Fourth, what are the requirements? Not much really. Just love—as clichés go. Except for some proofs of identification (birth certificates, CENOMAR, and valid IDs), we didn't have to apply for a marriage license from the local civil registrar, photocopy all the documents in four copies, retrieve our baptismal certificates and confirmation certificates from the baul, get interviewed by a priest we barely know, attend a pre-marriage seminar where wives are told to submit to their husbands (as per the Bible, of course), or participate in a weekend retreat for Catholic couples. Not because we don't want to, but just because we can't.

Fifth, what will the ceremony look like? It is not a Catholic wedding, so it was shorter than a Catholic mass. It is not a civil wedding, so it is longer than a legal proceeding. But it has all the essentials: The walk down the aisle as a couple (none of that “giving away of a daughter’s hand”), the exchange of rings and vows, the blessing, and the kiss.


Sixth, who will attend? We invited about 100 people: our immediate family, the extended clan, officemates, college classmates, high school classmates, classmates from kinder, friends, acquaintances, and colleagues. We invited anyone we can think of—knowing that not everyone’s willing to fly to a remote island where flights are only three times a week, traverse winding roads in a jeepney, and spend at least three days in a kubo-style accommodation with no air-conditioning. As expected, less than 50 people confirmed their attendance. We had extra bucks to spend on string lights, throw pillows, beach mats, and other knick-knacks inspired by Pinterest, hashtag aesthetic.

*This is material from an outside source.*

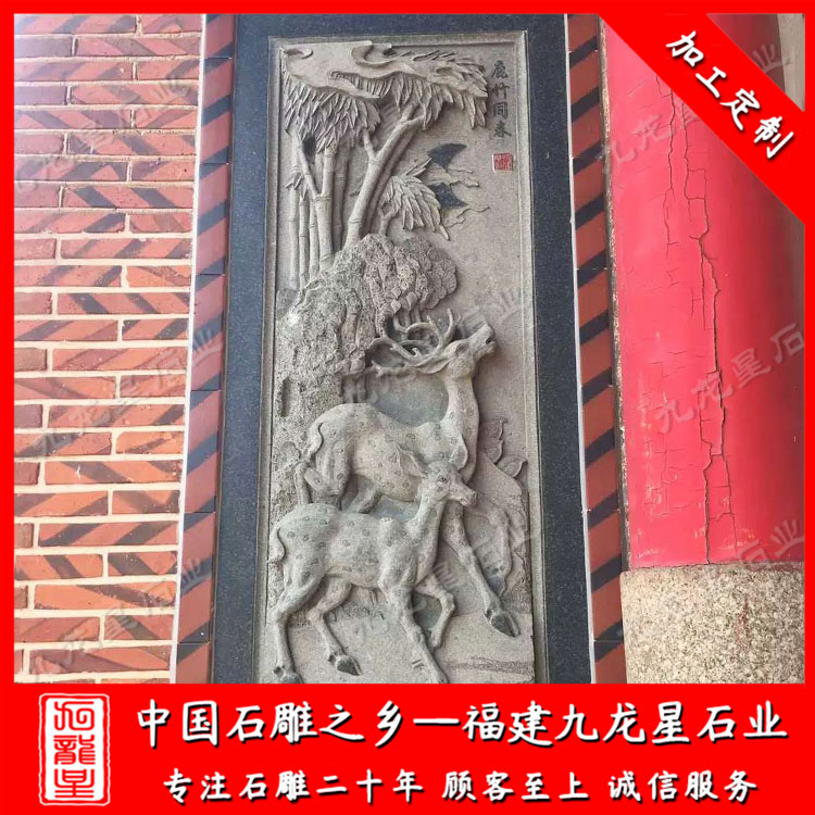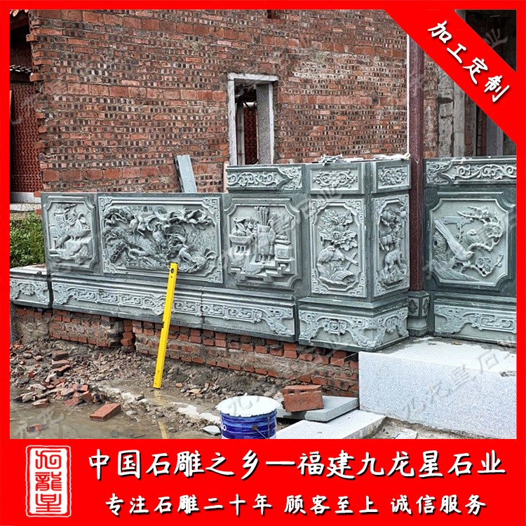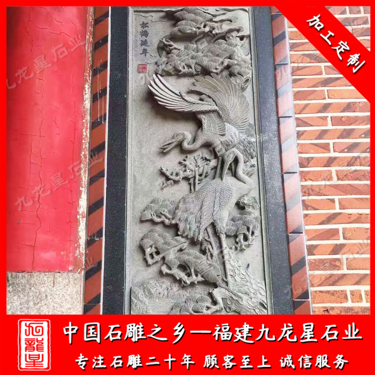 青石浮雕的設計雕刻,讓祠堂宗祠門面、祠堂宗祠的大殿正門墻壁顯得美觀大氣。青石石料為青色具備復古、古樸風,浮雕雕刻讓祠堂宗祠門面、祠堂宗祠的大殿正門墻壁更有立體感、空間感。

The venue, papers, guests, food, and design. All systems are go for this slow burn of a plot—then, the pandemic happened.

The big gay wedding on May 20, 2020, with our closest friends in front of my conservative Catholic parents did not come up.

People rushed their loved ones to hospitals, stayed behind glass doors as a family member was wheeled into ICUs, or worse, went home with the cremated body of the person they used to wake up next to every morning.


COVID-19 doesn’t discriminate. And should anything happen, J and I have no legal paper to prove that we’re each other’s next of kin. But maybe, just maybe, a Certificate of a Holy Union signed by a pastor may have some bearing.

A year into the COVID-stricken uncertainty in 2021, we got married at Open Table’s chapel (which is more of an office) with three guests, and a violinist that played our favorite song. The wedding went as many pandemic weddings go. Contrary to popular belief about the implications of marriage equality, no one got hurt.

And, yes, my civil status still says single.